#### THE INPUT:
━━━━━━━━━━━━━━━━
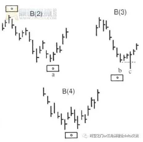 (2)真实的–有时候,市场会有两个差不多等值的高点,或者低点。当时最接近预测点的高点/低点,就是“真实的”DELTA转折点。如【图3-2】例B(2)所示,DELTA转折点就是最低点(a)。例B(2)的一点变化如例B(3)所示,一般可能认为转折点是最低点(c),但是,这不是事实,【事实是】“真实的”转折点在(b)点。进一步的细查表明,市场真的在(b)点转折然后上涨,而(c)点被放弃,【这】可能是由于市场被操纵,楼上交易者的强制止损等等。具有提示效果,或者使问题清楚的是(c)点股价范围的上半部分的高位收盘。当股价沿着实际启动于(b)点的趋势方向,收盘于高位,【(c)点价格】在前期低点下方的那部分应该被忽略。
━━━━━━━━━━━━━━━━
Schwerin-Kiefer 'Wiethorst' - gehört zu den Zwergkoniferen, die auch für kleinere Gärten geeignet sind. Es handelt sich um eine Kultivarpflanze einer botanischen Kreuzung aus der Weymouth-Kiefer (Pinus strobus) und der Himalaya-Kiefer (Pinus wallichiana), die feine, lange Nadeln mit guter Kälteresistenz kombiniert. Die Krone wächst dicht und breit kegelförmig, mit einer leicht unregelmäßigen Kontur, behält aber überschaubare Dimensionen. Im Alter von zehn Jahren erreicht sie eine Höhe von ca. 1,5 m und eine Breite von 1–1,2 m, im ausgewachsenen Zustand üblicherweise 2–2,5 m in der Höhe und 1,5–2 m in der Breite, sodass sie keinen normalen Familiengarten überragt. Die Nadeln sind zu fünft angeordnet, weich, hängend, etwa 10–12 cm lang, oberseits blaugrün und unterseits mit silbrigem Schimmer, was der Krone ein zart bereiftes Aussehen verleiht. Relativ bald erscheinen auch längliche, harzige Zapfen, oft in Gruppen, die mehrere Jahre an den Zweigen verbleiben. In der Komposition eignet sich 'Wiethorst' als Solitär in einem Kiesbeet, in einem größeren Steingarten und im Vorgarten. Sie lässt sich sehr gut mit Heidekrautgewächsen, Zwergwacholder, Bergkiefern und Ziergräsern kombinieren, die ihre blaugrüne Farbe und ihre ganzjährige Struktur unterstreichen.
━━━━━━━━━━━━━━━━
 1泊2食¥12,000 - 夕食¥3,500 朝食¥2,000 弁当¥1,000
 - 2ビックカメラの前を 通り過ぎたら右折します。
━━━━━━━━━━━━━━━━
#### PROBLEM DESCRIPTION:
Could you restate, word for word, the lines above from the one with "1泊2食¥12,000 - 夕食¥3,500 朝食¥2,000 弁当¥1,000" to the one with "- 2ビックカメラの前を 通り過ぎたら右折します。", both included?

#### RESPONSE TO THE TASK:
 1泊2食¥12,000 - 夕食¥3,500 朝食¥2,000 弁当¥1,000
 - 2ビックカメラの前を 通り過ぎたら右折します。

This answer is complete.